The delta extension adds support for scanning/copying from the Delta Lake format. Delta Lake is an open-source storage framework that enables building a format-agnostic lakehouse architecture. Using this extension, you can interact with Delta tables directly within Kuzu using the LOAD FROM and COPY FROM clauses.

Usage

INSTALL DELTA;
LOAD DELTA;

Example dataset

Let’s create a Delta table containing student information using Python and save the Delta table in the '/tmp/student' directory:

Terminal window
pip install deltalake pandas
create_delta_table.py
import pandas as pd
from deltalake import DeltaTable, write_deltalake
student = {
"name": ["Alice", "Bob", "Carol"],
"ID": [0, 3, 7]
}
write_deltalake(f"/tmp/student", pd.DataFrame.from_dict(student))

Scan Delta tables

LOAD FROM is a Cypher clause that scans a file or object element by element, but doesn’t actually copy the data into a Kuzu table.
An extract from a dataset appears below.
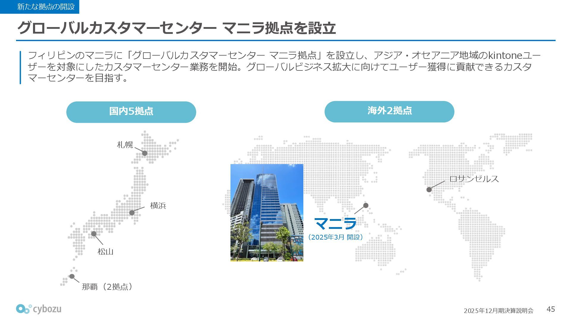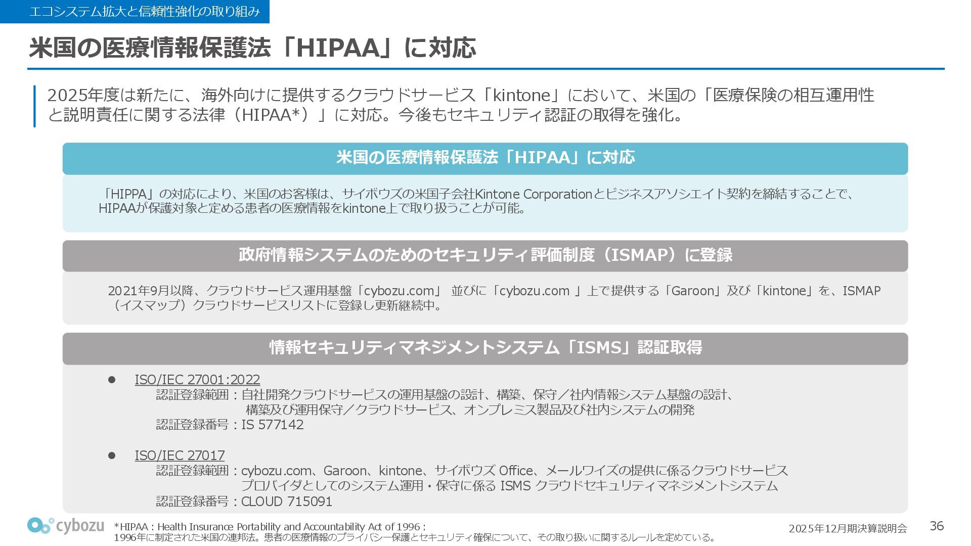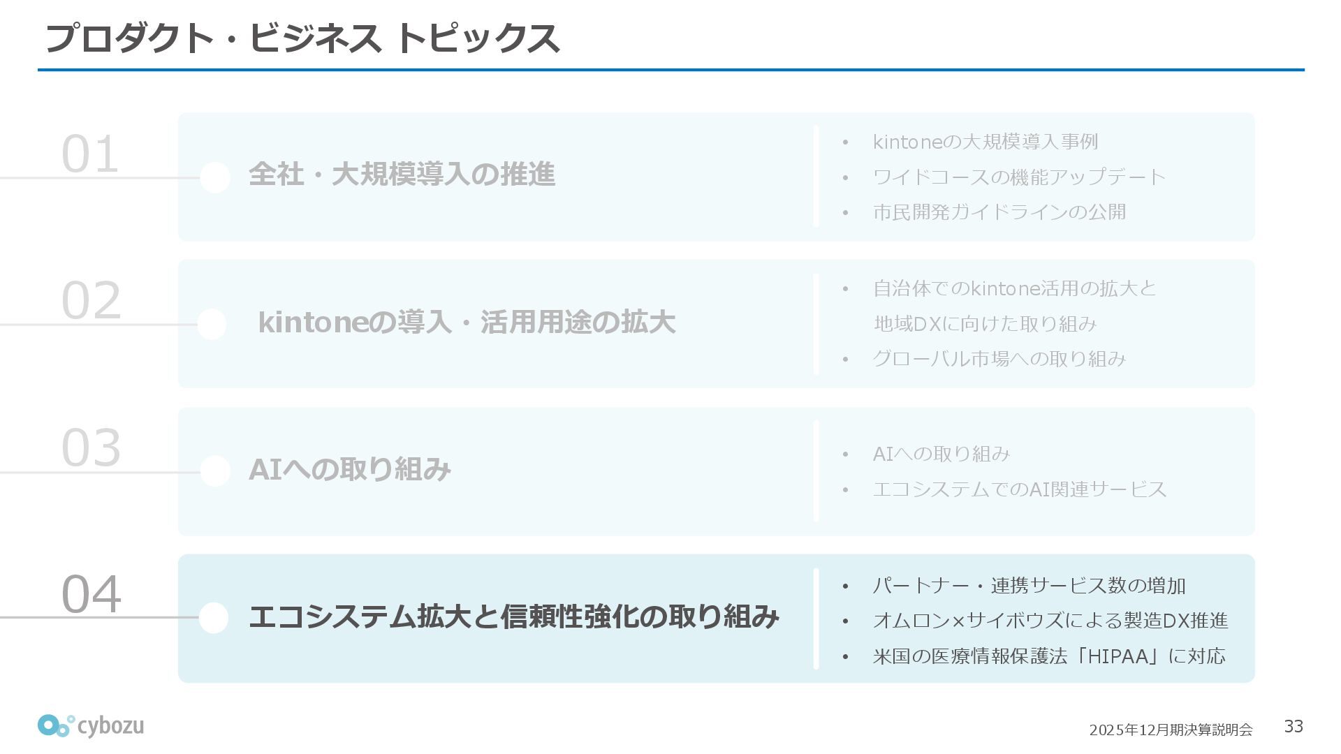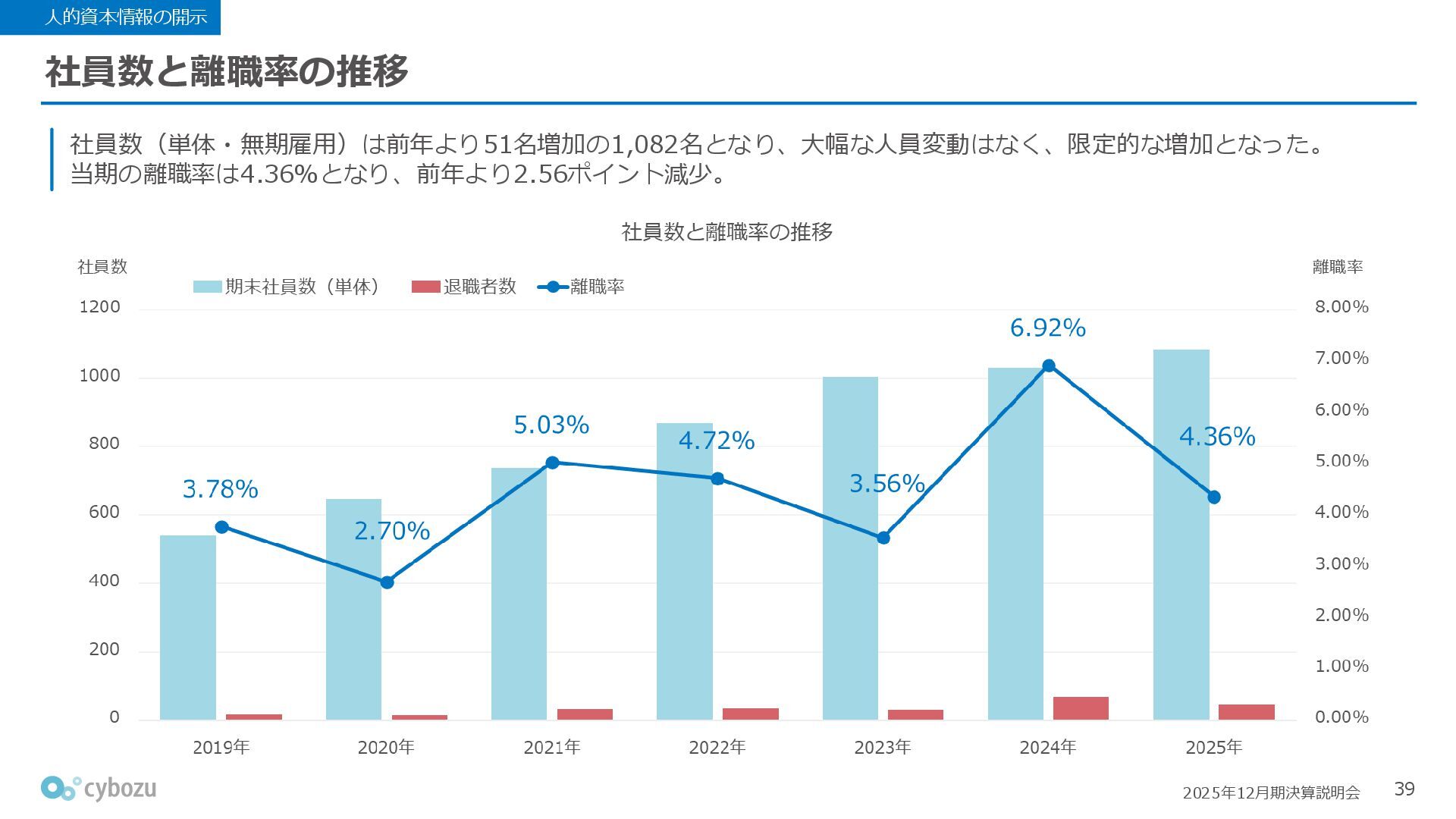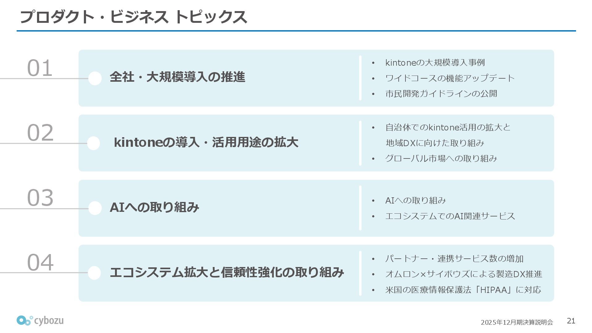 Rate:解約および契約者の減少によるサブドメイン単位の当月損失額を前月売上高で除した解約率(12月移動平均) (2) Net Revenue Retention:1年前の時点で契約していたサブドメインの現時点の月次売上高を1年前の月次売上高で除した、年次収益継続率(12か月移動平均) (3) ARPA:1サブドメインあたりの平均売上単価(Average Revenue per Account)。チーム応援ライセンス、スクール&ペアレンツライセンス、kintoneゲストユーザーを除外。 1社が複数のサブドメインを契約することも可 *各年12月末 (社) (円) 6,000 6,900 7,500 8,300 8,700 8,800 0 1,000 2,000 3,000 4,000 5,000 6,000 7,000 8,000 9,000 10,000 2020 2021 2022 2023 2024 2025 クラウドサービス契約中企業 6,000 6,300 6,900 7,200 8,800 10,500 0 5,000 10,000 15,000 2020 2021 2022 2023 2024 2025 ARPA( 3 ) |平均売上/1サブドメイン 1.35% 1.17% 1.06% 1.17% 1.01% 0.83% 0.00% 0.50% 1.00% 1.50% 2.00% 2020 2021 2022 2023 2024 2025 Gross Revenue Churn Rate( 1 ) |解約率 99.3% 99.7% 101.6% 102.1% 101.2% 116.7% 88.0% 96.0% 104.0% 112.0% 120.0% 2020 2021 2022 2023 2024 2025 Net Revenue Retention( 2 ) |売上継続率

To scan the Delta table created above, you can do the following:

LOAD FROM '/tmp/student' (file_format='delta') RETURN *;
┌────────┬───────┐
│ name │ ID │
│ STRING │ INT64 │
├────────┼───────┤
│ Alice │ 0 │
│ Bob │ 3 │
│ Carol │ 7 │
└────────┴───────┘

Copy Delta tables into Kuzu

You can use a COPY FROM statement to copy the contents of a Delta table into Kuzu.

CREATE NODE TABLE student (ID INT64 PRIMARY KEY, name STRING);
COPY student FROM '/tmp/student' (file_format='delta');
┌─────────────────────────────────────────────────┐
│ result │
│ STRING │
├─────────────────────────────────────────────────┤
│ 3 tuples have been copied to the student table. │
└─────────────────────────────────────────────────┘

Access Delta tables hosted on S3

Kuzu also supports scanning and copying Delta tables hosted on S3.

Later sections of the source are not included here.